From Neurons to Semantics: Evaluating Cross-Linguistic Alignment Capabilities of Large Language Models via Neurons Alignment

Conference: ACL 2025
arXiv: 2507.14900
Code: None
Area: LLM/NLP
Keywords: Cross-lingual alignment, neuron states, multilingual LLMs, FFN analysis, semantic retrieval

TL;DR

A cross-lingual alignment evaluation framework, NeuronXA, is proposed based on neuron activation states. By utilizing FFN layer neuron states as translation-invariant internal representations to measure the cross-lingual alignment capability of multilingual LLMs, it achieves a Pearson correlation of 0.9556 with downstream task performance using only 100 parallel sentence pairs.

Background & Motivation

Large language models (LLMs) demonstrate strong multilingual capabilities, but evaluating cross-lingual alignment remains under-investigated. Existing alignment evaluation methods mainly rely on similarity in sentence embedding spaces (such as cosine similarity). However, they suffer from a fundamental issue: neural network models (e.g., BERT, GPT) tend to produce anisotropic representation spaces, leading to representation collapse and diminishing the semantic expression capability of low-resource languages, which limits the reliability of embedding-based cross-lingual alignment evaluation.

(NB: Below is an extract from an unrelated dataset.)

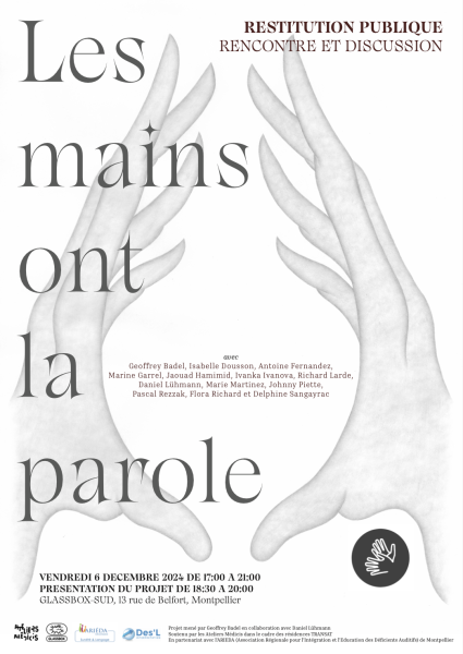 « Les mains ont la parole » propose un contexte propice à la rencontre, à l’altérité et à la transmission entre l’artiste entendant Geoffrey Badel, le chorégraphe entendant Daniel Lühmann, son collaborateur, et les membres du Pôle Adultes de l’ARIEDA (Association Régionale pour l’Intégration et l’Éducation des Déficients Auditifs) qui accompagne les adultes sourds depuis 1982 à Montpellier. D’août à octobre, l’artiste plasticien a accueilli chaque mercredi un groupe de quinze personnes sourdes dans son atelier.
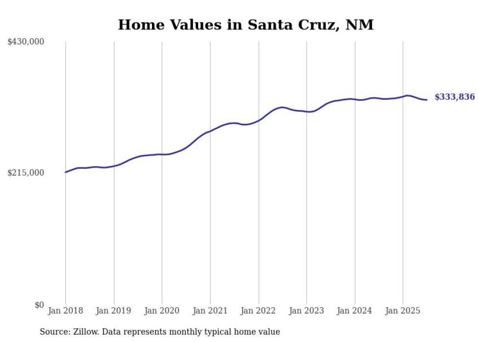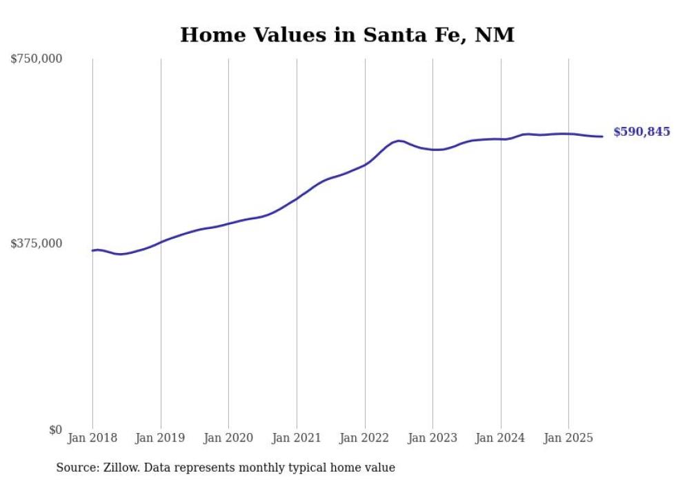 Stacker compiled a list of cities with the most expensive homes in the Santa Fe metro area using data from Zillow. Charts show the monthly typical home value since January 2018. All 7 cities and towns with data available were included in the list.

The key inspiration of this study comes from a neuroscience finding: similar information activates overlapping neural regions. The authors hypothesize that neuron activations in FFN layers can serve as an intrinsic representation of multilingual inputs, providing a more structured and robust means of capturing cross-lingual knowledge. Prior research indicates that neurons in FFN modules encode various forms of knowledge (factual knowledge, positional information, syntactic triggers, etc.), which provides a theoretical foundation for using neuron states to estimate cross-lingual alignment.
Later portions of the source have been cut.